In his opinion the double homicide referred to by Lily was of the same bemusing order as the coroner’s policy on freezing bodies, which is why Lily herself thought him to be freezing cold. But Smooth said: Do you believe in the resurrection of Lazarus? And, if so, do you believe that Lazarus truly wasn’t better off dead? Do you believe that Sunflower’s in Heaven now? Do you believe it’s right what she did?
Hey, said Strawberry. I knew those girls. Those girls didn’t wanna die.
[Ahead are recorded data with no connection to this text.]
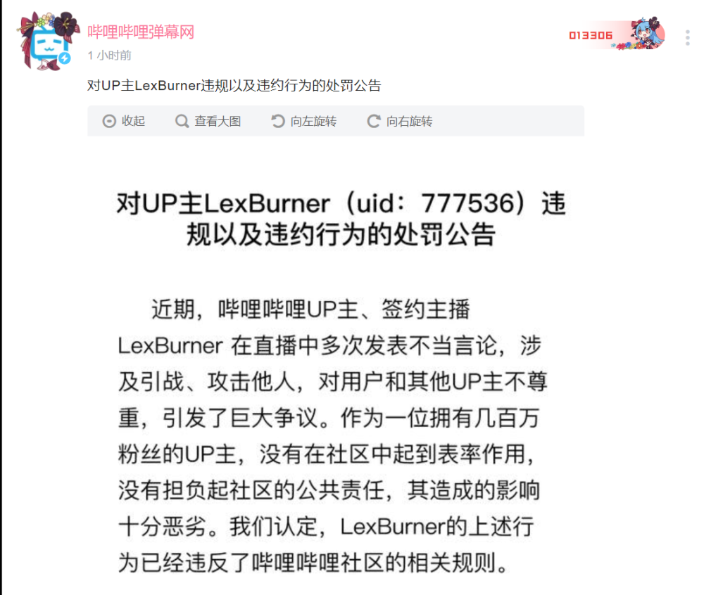 就在事件发酵了几天之后,B站官方终于出手了,签约主播Lexburner在直播中多次发表不当言论,涉及引战、攻击他入,对用户以及其他UP主不尊重,引发了巨大争议。影响十分恶劣,违反了哔哩哔哩社区规定。
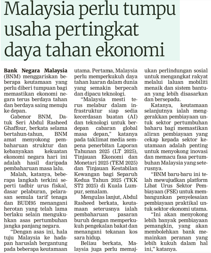 Mahanum Abdul Aziz (2026) Malaysia Perlu Tumpu Usaha Pertingkat Daya Tahan Ekonomi. Berita Harian. |
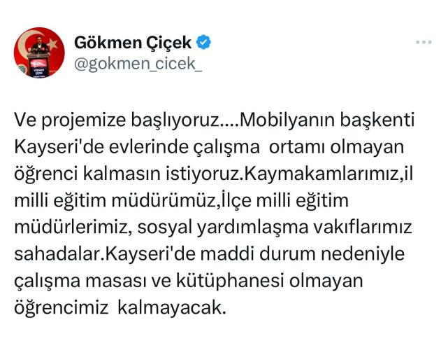 Kayseri Valisi Gökmen Çiçek, maddi durumu nedeniyle çalışma masası ve kütüphanesi olmayan öğrenciler için çalışma başlatılıp destek verileceğini dün sosyal medya hesabından paylaşım yaparak duyurmuştu. Vali Çiçek’in hesabından yapılan paylaşımda “Ve projemize başlıyoruz. Mobilyanın başkenti Kayseri'de evlerinde çalışma ortamı olmayan öğrenci kalmasın istiyoruz. Kaymakamlarımız, il milli eğitim müdürümüz, İlçe milli eğitim müdürlerimiz, sosyal yardımlaşma vakıflarımız sahadalar. Kayseri'de maddi durum nedeniyle çalışma masası ve kütüphanesi olmayan öğrencimiz kalmayacak” ifadelerine yer vermişti.
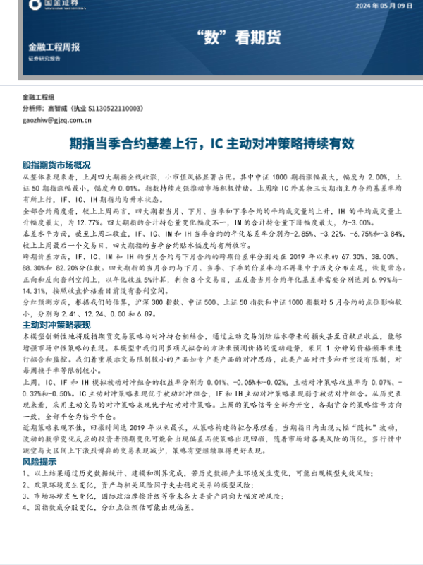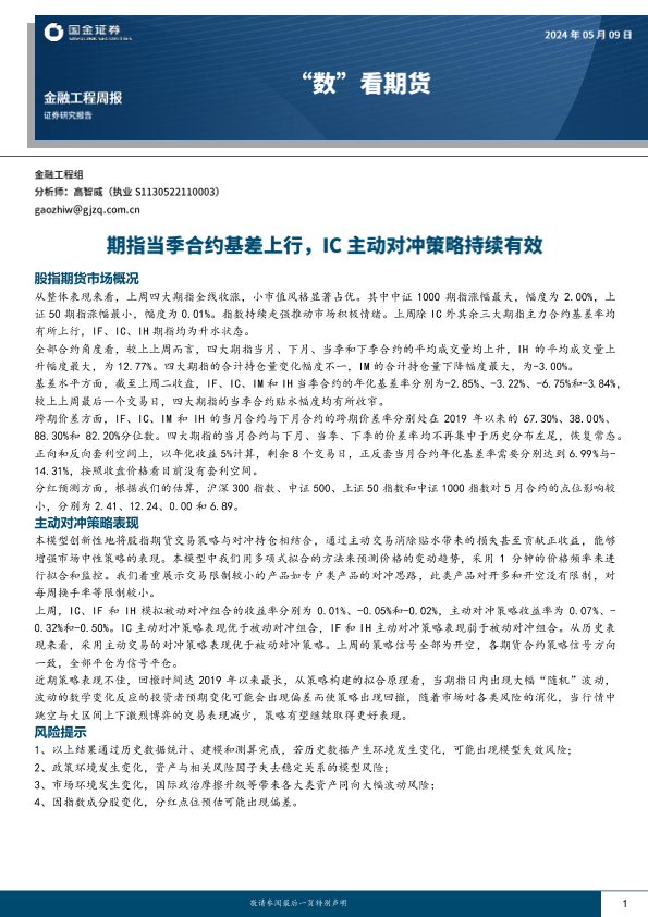 【国金证券】【20240509】“数”看期货:期指当季合约基差上行,IC主动对冲策略持续有效-12页
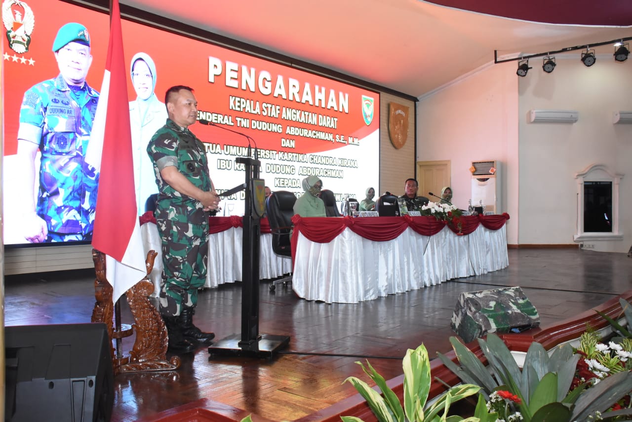 Mengawali arahannya, Kasad mengungkapkan, memiliki kebanggaan tersendiri dapat mengunjungi Kodam II/Swj karena dulu lama bertugas di Kodam II/Swj.
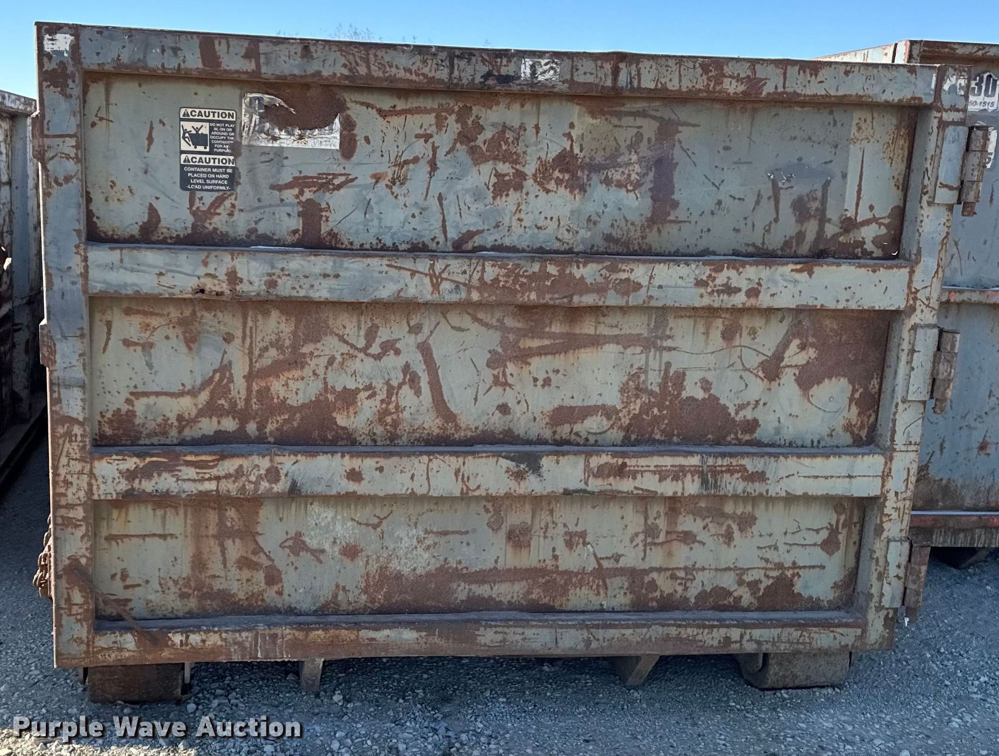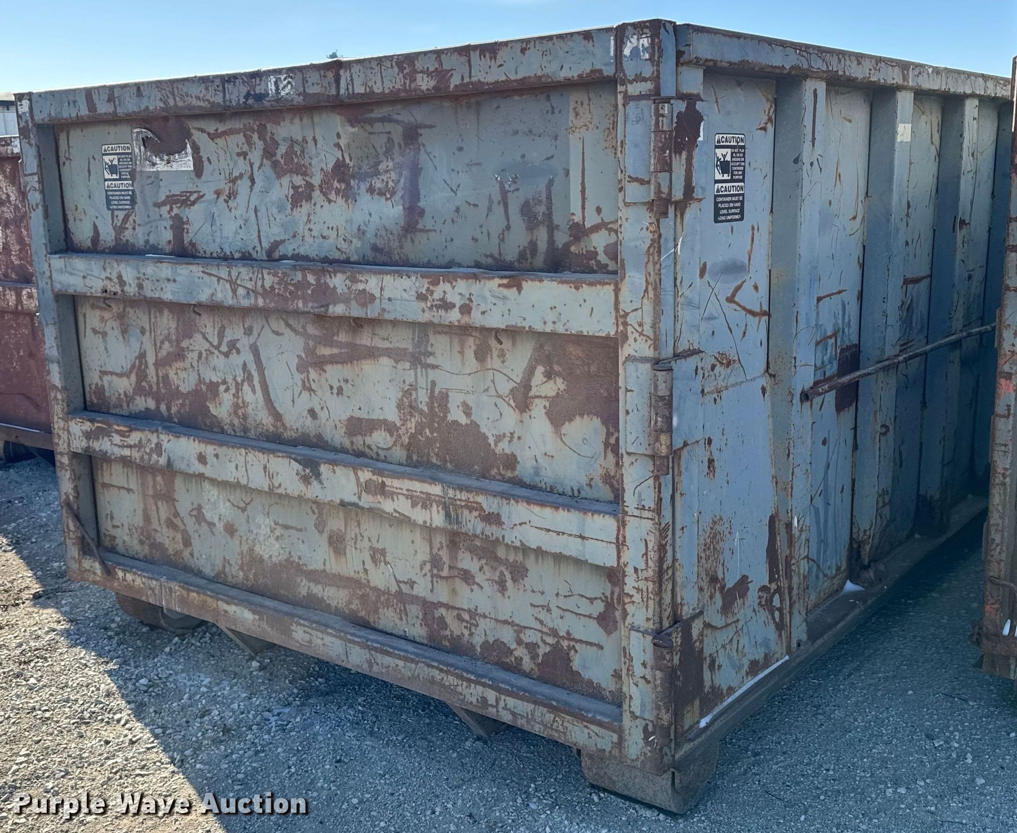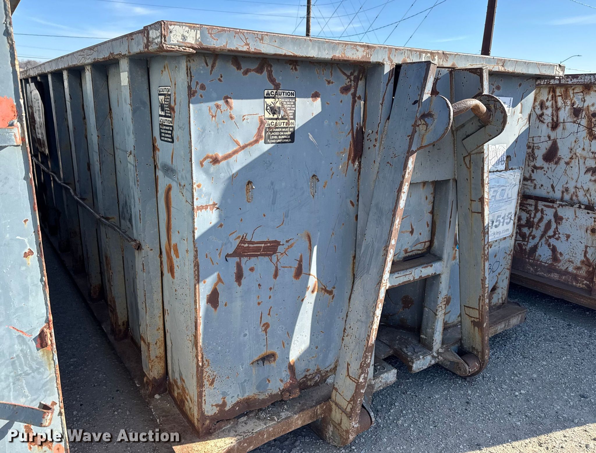 Purple Wave is selling a used Refuse or Compaction Equip. in Iowa. This item is a Roll-off container with the following: Length: 22', Width: 96", Height: 65"
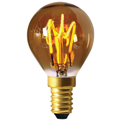 Girard Sudron LED Filament Golfball Bulb ‘3 Loops’ G45 (2W/3W) E14 (Colour Amber Type Dimmable)||Mix and Match ceiling roses, textile cable, lampholders and bulbs for a bespoke look||LED Filament Golfball Bulb ‘3 Loops’ G45 (2W/3W) E14||Available in various colours and colour temperatures||Available as dimmable with a dimmer switch or non dimmable
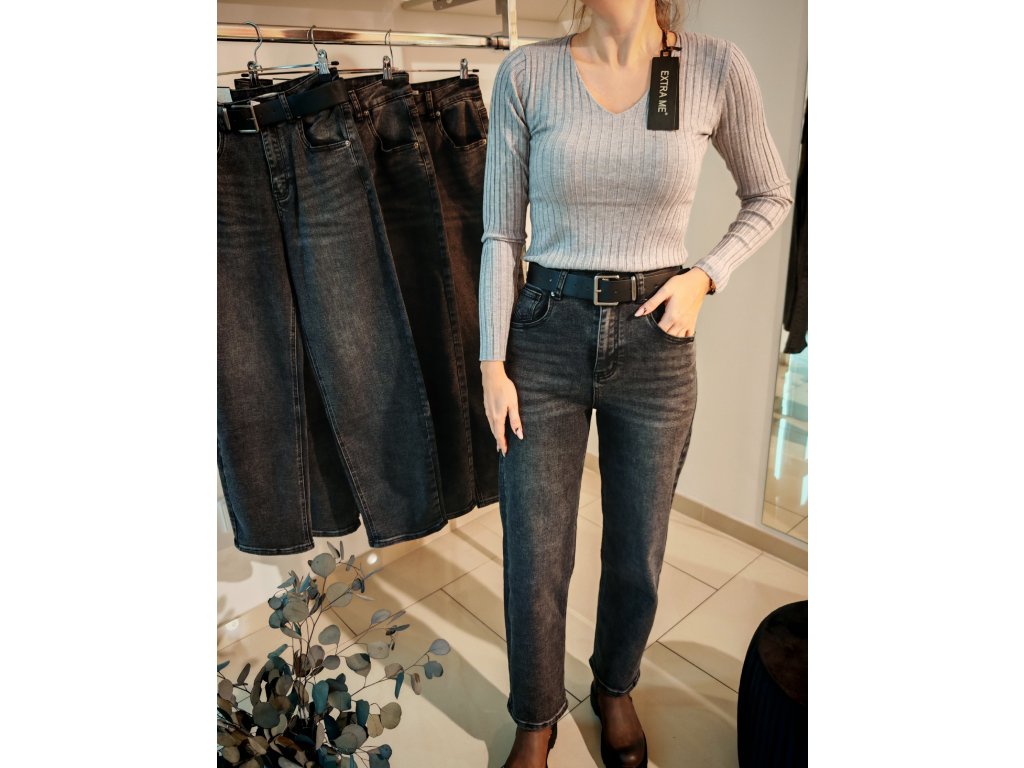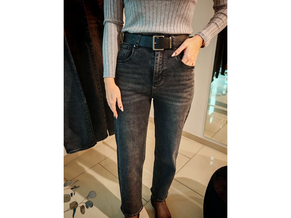 Šedočerné džíny ballon střih - moderní volnější střih
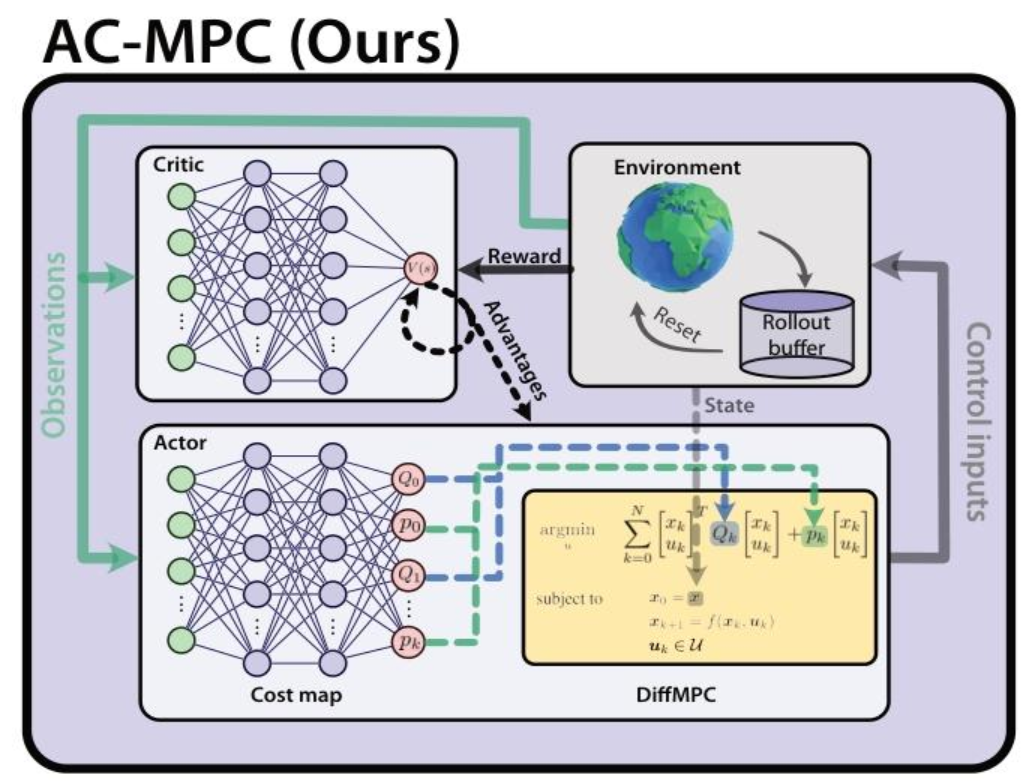 UZH RPG组的 AC-MPC 工作提出了一种将可微MPC无缝嵌入到Actor-Critic 强化学习框架的全新范式。该方法打破了传统学习动作的桎梏,转而让策略网络学习 MPC 的内部代价函数,从而在保留 RL 强大探索与端到端优化能力的同时,充分利用了物理模型处理约束和动态规划的优势。

Only a few people ever saw the Queen and knew her when they saw her, and in those anxious days when the vigs began to arrive in force like gnawing vermin blind-set on uprooting every hotel in the Mission, every brickwork old massage parlor in the Tenderloin, they glimpsed her even more rarely, which is why some gaunt harsh old street men began rumoring that she was already gone; meanwhile she continued to do what she always did, hovering like a light above the waters so that no soul which rented out its flesh had to be alone any longer. Like the improverished old people in Sacramento who lurked air conditionless in their homes with the blinds pulled down against the glowing sun, she hid from vigilante-radiance, fulfilling her purpose on the dark landings of hotel stairs, wearing castoff clothes which sometimes crawled with lice or scabies; Tyler’s flesh was inflamed, scratched and bleeding now like that of all the rest of her crew; and Domino once with her saturnine humor hypothesized that the real Mark of Cain comprised scratch-marks behind the knees or around one’s crotch. The Queen smiled at this almost with docility, and Beatrice, uncomprehending, flapped a stained T-shirt up and down upon her unwashed breasts to cool them down, burning as they were with the bites of hungry insects and of lonely men. And that little figure with the old, old face, sitting on the bed in this hotel room for which Beatrice’s trick had paid for an entire night, then used merely for an hour as he had used Beatrice, then departed, giving the key into Beatrice’s hands with his own variety of secondhand kindness, that witch, that arch-Canaanite, that ancient Maj sighed, and said: Domino, go and get that T.V. in the hallway there. Bring him in and we’ll talk to him about his happiness.
And so the half-toothless old transvestite, thirty-two years of age, came in and sat down on the bed between Domino and Beatrice and said: I came to San Francisco and started whoring at sixteen. Most of the people I started out with are gone or dead. There are only three of them around now.